A l’instar d’un traumatisme lié à la peur ou la violence, une émotion forte va rejouer dans votre cerveau la scène et inscrire durablement cet évènement dans votre mémoire. Si nous créons une émotion positive, celle-ci va avoir le même effet. On appelle cela l’ancrage émotionnel. Le fait par exemple de faire manger à son enfant de la glace au chocolat, en temps normal interdite, en regardant le premier homme marcher sur la lune à la télévision va ancrer durablement ce souvenir allié à l’émotion positive. Il s’agit donc de créer la bonne émotion, avec la bonne action, pour ancrer l’apprentissage.

Si des expériences ou souvenirs difficiles peuvent nous marquer à vie, il a été prouvé qu’une expérience très positive peut nous impacter de la même manière.

Une fois cela posé et compris, il s’agit pour un formateur de créer les conditions d’apprentissage mais toujours avec un sens aigu de l’éthique.

 

A quoi sert le jeu dans une formation professionnelle ?

L’objectif est de se préparer collectivement à ce dont nous aurons besoin dans dix ans en termes de connaissances. Il faut développer les soft skills et aller plus loin que les compétences techniques classiques.

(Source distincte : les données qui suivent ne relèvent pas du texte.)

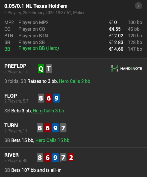 Фолд? Надеется на сплит здесь не стоит наверное? Допера / сеты так никогда не будут играть, Тх тоже скорее будет играть аккуратно добирая на тонкую.

Car, en recevant un « savoir classique », en l’analysant, le reformulant, le rédigeant, ou le calculant, nous ne créons pas les conditions nécessaires à la création d’émotion. Pour cela nous devons faire agir le stagiaire.

 

Une des raisons qui fait évoluer un apprentissage d’une courte durée en un apprentissage durable est la création d’engagement. Si les participants adhèrent volontairement aux valeurs du jeu et souhaitent y participer d’eux-mêmes sans penser à l’objectif d’apprentissage final, alors les connaissances et compétences qu’ils auront acquises seront durables. En effet, ces personnes considèreront que cet apprentissage est utile car nous faisons ainsi vivre de manière collective et collaborative l’empowerment nécessaire pour porter cet engagement.

Ces conditions une fois réunies permettent de dépasser le blocage de l’action souvent présent lors d’enjeux qui nous dépassent.

Toutefois, il faut bien avoir à l’esprit que si l’on explique, avant le jeu, l’objectif de formation, l’ancrage ne se fait pas de la même manière. Si on dit à un enfant qu’il va jouer pour apprendre des mathématiques, il sait à l’avance comment adapter son comportement.

D’où la nécessité de créer des univers fictionnels, des histoires, des enjeux afin de détourner l’attention du joueur/stagiaire pour lui apprendre des compétences à son insu et ensuite les ancrer via un accompagnement par le formateur.